THE DATA -
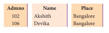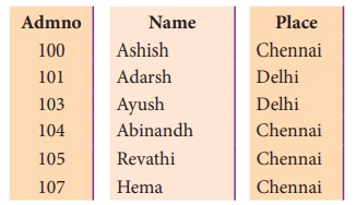 SELECT * DISTINCT place FROM student; என்ற கட்டளை பின்வரும் தரவை வெளிக்காட்டும்:
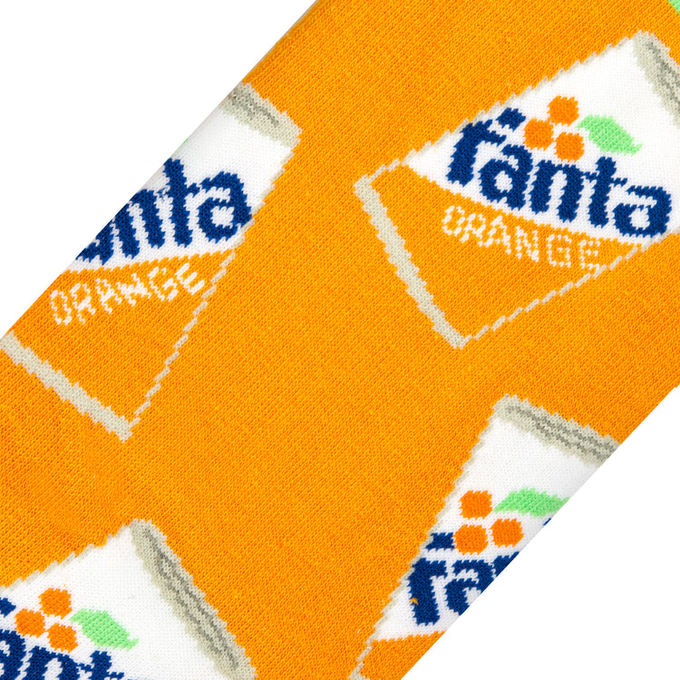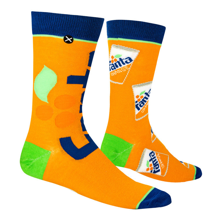 Add a little bubbly vibe to your sock game in these Fanta Orange Split crew socks from Odd Sox. These orange socks feature a split design with the blue Fanta logo in large print on one sock and graphic knitted images of Fanta soda cans all over on the other. The poly-cotton blend ensures a vibrant image with a padded toe and heel for extra cushioning. Each pair of socks is complete with a y-gore fitted heel and extended cuff to prevent sliding.
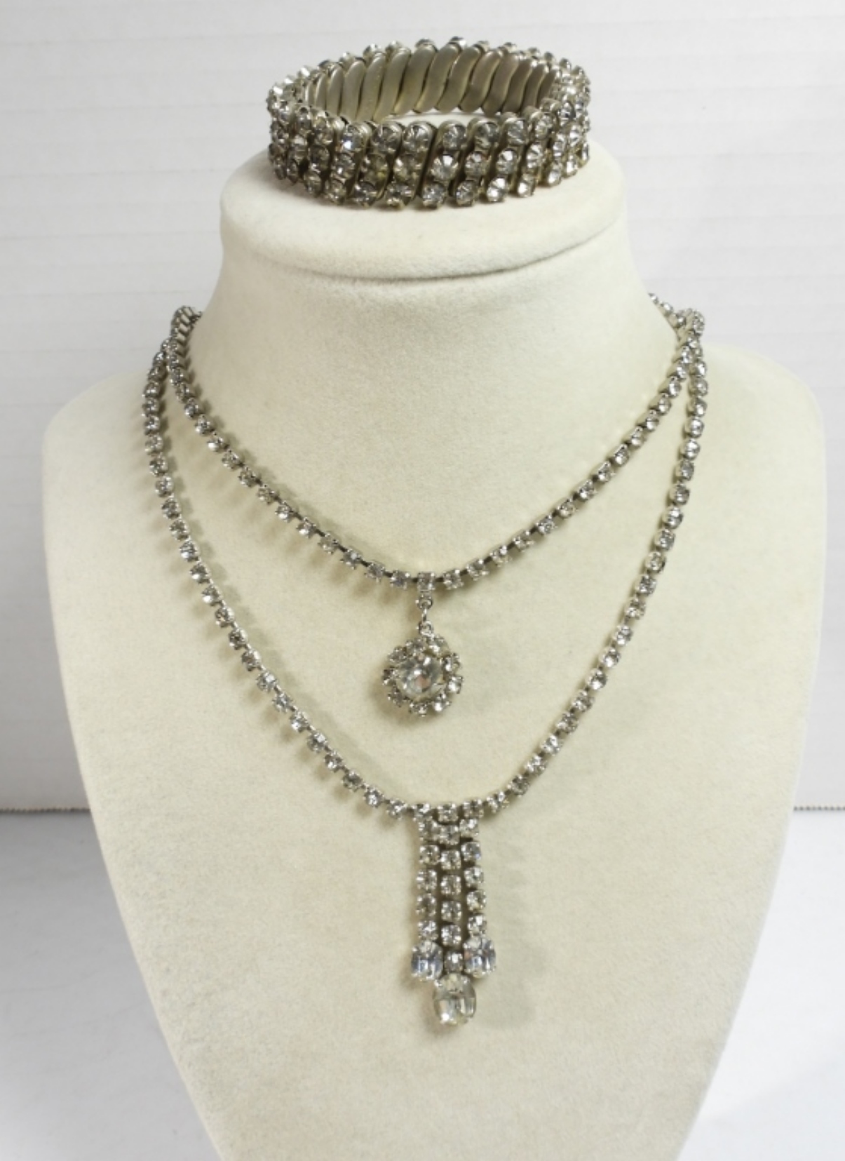 (2) NECKLACES 14″-15″ (1) need clasp repair & STRETCH BRACELET

TASK PROMPT - Send back the data above word for word, with the pictures left out.

EXPECTED ANSWER -
 SELECT * DISTINCT place FROM student; என்ற கட்டளை பின்வரும் தரவை வெளிக்காட்டும்:
 Add a little bubbly vibe to your sock game in these Fanta Orange Split crew socks from Odd Sox. These orange socks feature a split design with the blue Fanta logo in large print on one sock and graphic knitted images of Fanta soda cans all over on the other. The poly-cotton blend ensures a vibrant image with a padded toe and heel for extra cushioning. Each pair of socks is complete with a y-gore fitted heel and extended cuff to prevent sliding.
 (2) NECKLACES 14″-15″ (1) need clasp repair & STRETCH BRACELET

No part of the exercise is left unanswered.